Dish, DirecTV Merger Dead Before It Even Has The Chance To Disappoint
After literally decades of rumor and speculation, fading satellite TV companies Dish and DirecTV finally recently announced they had proposed a pointless merger in a last gasp for relevance. Once blocked by regulatory worries about competitive impact, executives at both companies had long dreamed of combining the two companies into one, still broadly unremarkable company.
The deal proposed last month involved DirecTV acquiring Dish for one dollar, in addition to $9.75 billion in Dish’s debt. The deal was poised to combine Dish’s 8.1 million (and shrinking) subscriber base with DirecTV’s 11 million (and shrinking) subscriber base in the hopes of creating something semi-interesting.

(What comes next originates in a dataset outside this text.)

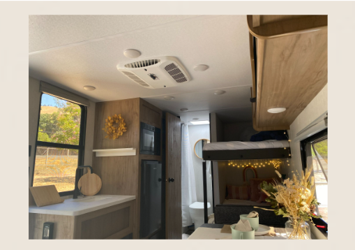 **Luxury Amenities:** With a full bath, electric fireplace, and air conditioning, every moment in the Leap Pad is a pampered experience. Whether you're chasing adventure or simply unwinding, you'll feel right at home.
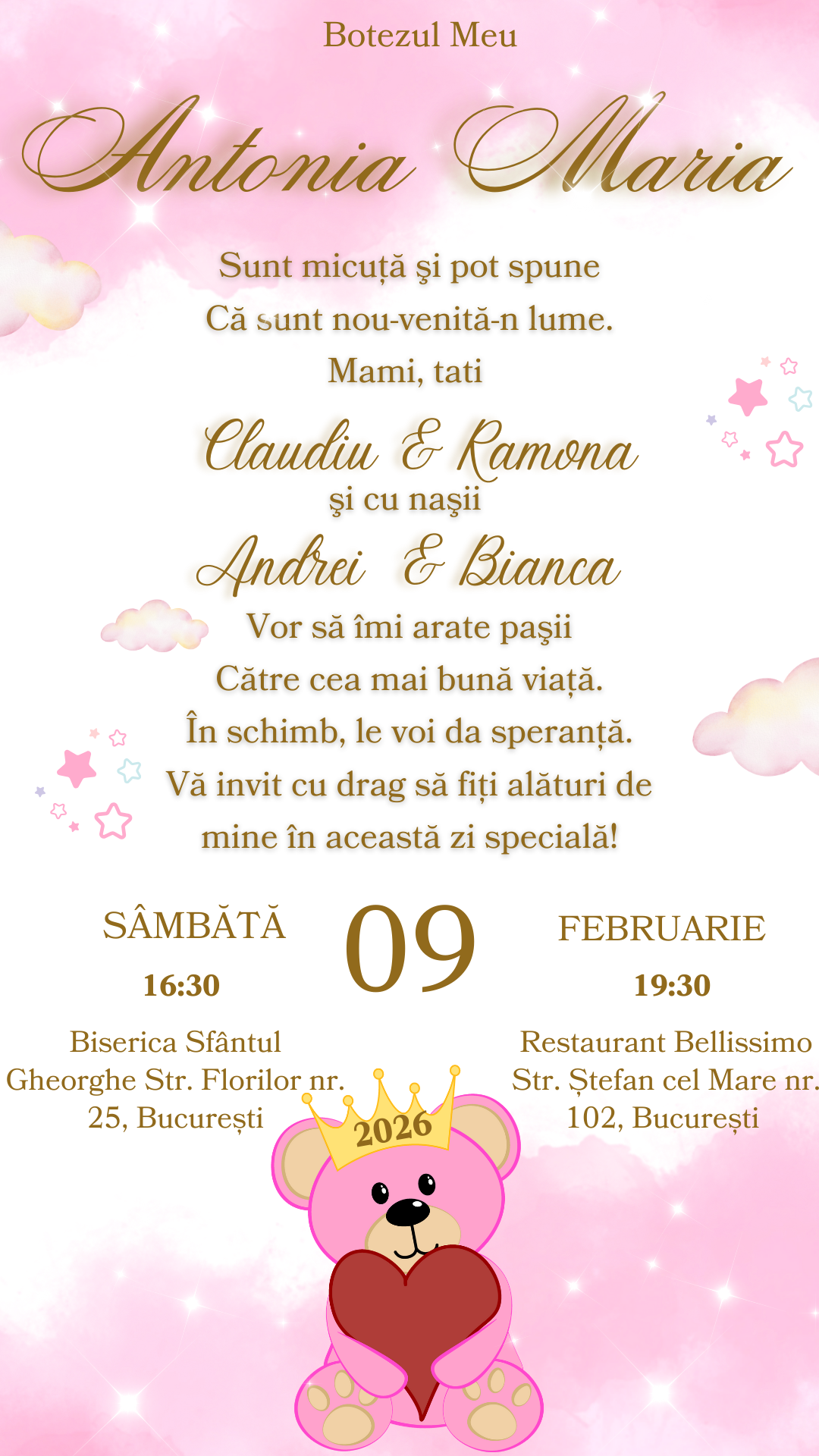 O invitație digitală adorabilă pentru botezul unei fetițe. Modelul roz pastel cu ursuleț și detalii aurii inspiră delicatețe și bucurie. Textul versificat și stilul modern transformă invitația într-o alegere caldă și prietenoasă. Poate fi personalizată rapid și trimisă online, oferind invitaților o amintire de suflet.

But, alas, it was never meant to be. DirecTV late last week announced it would be terminating the deal after Dish bondholders refused to accept what they insisted was a loss on the value of the debt:
“Dish bondholders quickly objected to terms requiring them to take a loss on the value of their debt. DirecTV had said Dish notes would be exchanged with “a reduced principal amount of DirecTV debt which will have terms and collateral that mirror DirecTV’s existing secured debt.” The principal amount would have been reduced by at least $1.568 billion.”
Now both companies can slowly die a natural death as nature intended, never even getting to the most exciting part of pointless U.S. consolidation: the bit where companies lie and promise untold new synergies and job creation before laying off thousands of employees, raising consumer prices to recoup debt, and ultimately fielding an even worse product than either company was capable of individually.
Dish is still hoping to pivot into a streaming video and wireless phone company, but neither effort has proven to be all that fruitful, and bankruptcy remains a very real possibility without a fair amount of luck.